If the fraud team is viewed mainly as the group that blocks transactions, slows approvals, or gets in the way of growth, then the company is already misunderstanding the role. That kind of fraud team perception creates weaker alignment, less support, and more pressure to optimize for short-term conversion over long-term resilience.
This is exactly why fraud prevention culture matters. The way a company talks about fraud internally shapes how seriously it takes the work and how quickly it supports better decisions when risk starts rising.
- Sales prevention stigma can distort how leadership understands fraud work
- Fraud team perception affects whether prevention is treated as protection or obstruction
- Fraud organization dynamics influence how quickly teams can act on real risk
- Fraud prevention culture gets stronger when fraud teams are seen as business protectors, not growth blockers
The real lesson is that attacker choices and company culture both matter
The broader takeaway from this episode is that fraud target selection is not only about the attacker. It is also about the company being targeted. Fraudsters make choices based on what they see, but what they see is shaped by your controls, your channel design, your responsiveness, and sometimes your internal culture.
That means stronger fraud programs need both external awareness and internal alignment. You need to understand fraudster behavior, but you also need the kind of organization that is willing to respond to what that behavior is telling you.
That is really the point of this conversation.
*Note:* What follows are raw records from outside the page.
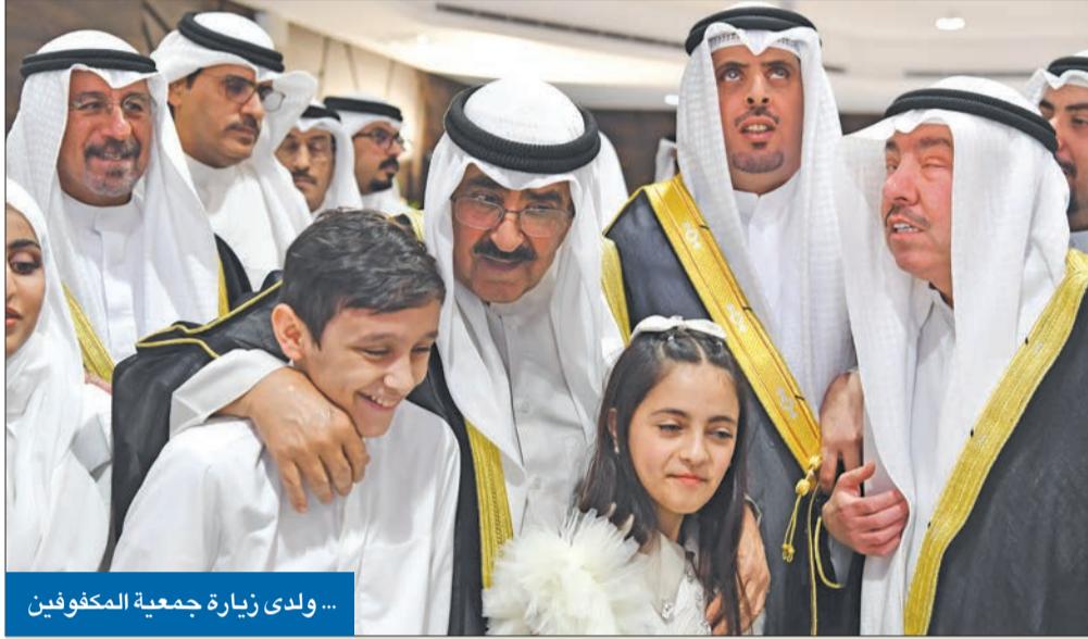
...ولدى زيارة جمعية المكفوفين

سموه أعرب لدى زيارته نادي المعاقين وجمعية المكفوفين عن فخره بهم وبتحديهم للإعاقة
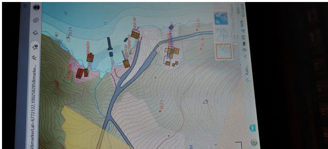
Bilde fra dataskjermen
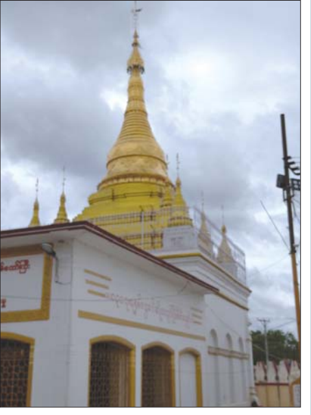
မိတ္ထီလာမြို့မှ ထီးသုံးဆင့် စေတီတော်

မိတ္ထီလာကန်သည် မြန်မာနိုင်ငံအလယ်ပိုင်းအတွက် အရေးပါသော ရေအရင်းအမြစ်နေရာတစ်ခုဖြစ်၍ မိတ္ထီလာမြို့နှင့်အနီးဝန်းကျင်ဒေသများမှ နယ်သူ နယ်သားများသည် မိတ္ထီလာကန်ရေကို စိုက်ပျိုးရေးလုပ်ငန်းများတွင် ခေတ်အဆက်ဆက် အသုံးပြုခဲ့ကြသည်။ အထက်ဗမာပြည်

The attackers are making decisions. The question is whether the business is learning from them fast enough.
- Fraud target selection should be treated as intelligence about both attackers and internal weaknesses
- Fraud prevention culture influences how well businesses respond once attack patterns are recognized
- Ecommerce fraud strategy gets stronger when external threats and internal dynamics are both considered
- Fraud organization dynamics matter because strong prevention depends on support, clarity, and credibility
The bigger theme in this episode is that fraudsters usually choose their targets for reasons that are more rational and revealing than many teams assume. Matt, Will, and I unpack those patterns from different angles, and that is what makes the conversation useful. The real takeaway is that if you want to get better at prevention, you cannot just study the fraud after it lands. You have to study why your business looked worth attacking in the first place.